Senyawa antimikroba ini mampu menghasilkan lingkungan yang sesuai untuk reproduksi nematoda dan bakteri simbionnya sehingga mampu menurunkan dan mengeliminasi populasi mikroorganisme lain yang berkompetisi mendapatkan sumber makanan di dalam serangga mati. Keadaan demikian memungkinkan nematoda entomopatogen menyelesaikan siklus perkembangannya dan meminimalkan terjadinya pembusukan serangga inangnya. Faktor penentu patogenisitas nematoda entomopatogen terletak pada bakteri mutualistiknya yaitu dengan diproduksinya toksin intraseluler dan ekstraseluler yang dihasilkan bakteri dalam waktu 24-48 jam.

Pada praktikum ini, pemerangkapan dan pembiakan Steinernema dilakukan secara in vitro dan in vivo untuk membandingkan keefektifan dua media pada kedua cara tersebut. Secara in vitro digunakan media semi padat buatan yaitu makanan anjing (dog food) dan secara in vivo digunakan serangga umpan larva kumbang Tenebrio molitor (ulat hongkong).

Menurut Gaugler & Kaya (1990), prinsip dari pembiakan massal nematoda entomopatogen secara in vitro adalah kandungan nutrisi media harus memenuhi kebutuhan nutrisi nematoda dan bakteri seperti karbohidrat, protein dan lemak, kemudian media tersebut diperlakukan sedemikian rupa sehingga suhu dan kelembabannya sesuai bagi kehidupan nematoda. Disamping itu keaseptisan media juga perlu dijaga agar tidak terjadi kontaminasi oleh bakteri asing atau jamur yang dapat menurunkan produktivitas nematoda.

Ulat hongkong  (Tenebrio molitor) adalah serangga ordo Coleoptera yang merupakan salah satu inang dari nematoda entomopatogen. Nematoda Steinernema diambil dari tanah dengan menempatkan serangga umpan pada tanah kemudian ditunggu beberapa hari untuk dipindahkan cawan petri sampai 3-4 hari, kemudian setelah itu dipindah pada stoples berisi air untuk kemudian diamati ekstraksi.

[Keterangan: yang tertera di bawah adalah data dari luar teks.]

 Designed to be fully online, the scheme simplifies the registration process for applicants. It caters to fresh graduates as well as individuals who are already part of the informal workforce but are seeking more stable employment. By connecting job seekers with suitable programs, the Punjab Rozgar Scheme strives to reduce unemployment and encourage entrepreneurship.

No Jenis Kegiatan U1 (ekor/100ml) U2 (ekor/100ml) U3 (ekor/100ml) Rata-rata (ekor/100ml)
1 Perbanyakan dg Dog Food 117.000 175000 141.750 144.583,33
2 Perbanyakan dg Ulat Hongkong 12.600 21.600 14.850 16.350
3 Perangkap 31 44 43 39,33/20gr tanah

Tabel 1. Hasil perhitungan nematoda entomopatogen

Dari hasil pengamatan dapat diketahui bahwa perbanyakan nematoda entomopatogen degan menggunakan dog food dan ulat hongkong memiliki jumlah yang sangat besar. Pada perbanyakan dengan menggunakan dog food, didapatkan hasil populasi sebanyak 144.583,33 ekor/100 ml sedangkan pada perbanyakan dengan menggunakan ulat hongkong didapatkan populasi nematoda sebanyak 16.350 ekor/100ml. Populasi yang terdapat pada perbanyakan dengan menggunakan dog food memberikan hasil yang lebih banyak dari pada perbanyakan dengan menggunakan ulat hongkong.

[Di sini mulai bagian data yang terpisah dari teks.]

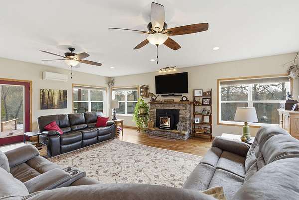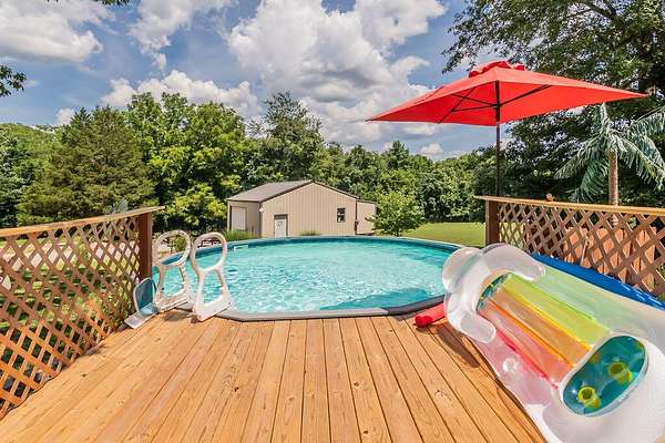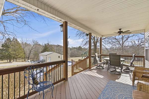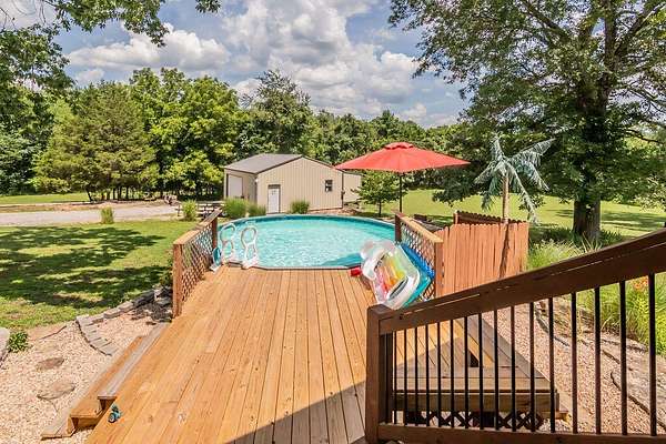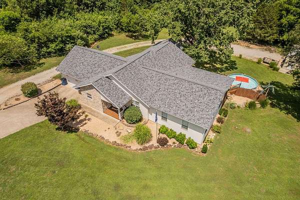 Welcome home to this spacious and well-maintained property situated on 2.16 acres m/l, offering the perfect blend of comfort, function, and outdoor enjoyment. This beautiful home features 4 bedrooms and 21/2 baths, with a thoughtful layout that includes a formal living room and a huge sunken family room ideal for gatherings and entertaining. Cozy up by the fireplace with pellet insert while enjoying the warmth and charm of the hardwood floors throughout.Step outside to a covered deck overlooking the pool, creating the perfect setup for relaxing and hosting on warm summer days. Major updates provide peace of mind, including a new roof (1 year old) and HVAC system (4 years old).For hobbyists, boat owners, or anyone needing extra workspace, the property includes a 24 x 30 shop building with a 12 x 25 addition, complete with 100-amp electrical service and an overhead door sized for boat storage.Ideally located for lake lovers, this home is close to Cape Fair Marina for boating and the public boat launch at Bridgeport, while still being just 15 minutes from shopping and medical services in Branson West. This property delivers space, upgrades, convenience, and versatility -- all in one exceptional package.

Dog food merupakan bahan makanan bagi anjing yang dijual dalam bentuk kemasan kaleng dengan berbagai merk dagang. Komponen utama dari dog food adalah daging sapi dengan mutu yang rendah. Kandungan nutrisinya secara umum mencakup karbohidrat, protein, dan lemak yang diperlukan bagi nematoda untuk perkembangannya.

Pada perangkap nematoda entomopatogen, didapatkan hasil populasi sebesar 39,33/20 gr tanah. Hal ini menunjukkan tiap 20 gram tanah yang digunakan dalam praktikum mengandung jumlah nematoda sebanyak 39,33 ekor.

Untuk ulat hongkong yang terserang nematoda ini menunjukkan gejala warna tubuh coklat kehitaman, tubuh lembek dan sedikit mengeluarkan cairan. Setelah larva mati, nematoda memperbanyak diri dengan memanfaatkan nutrisi yang ada di dalam tubuh larva tersebut. Selanjutnya induk nematoda menghasilkan 2-3 generasi baru di dalam tubuh inangnya tersebut. Setelah nutrisi di dalam tubuh larva tersebut habis maka nematoda melakukan migrasi dengan cara keluar dari tubuh larva dan mencari inang lain (Kamariah dkk., 2013).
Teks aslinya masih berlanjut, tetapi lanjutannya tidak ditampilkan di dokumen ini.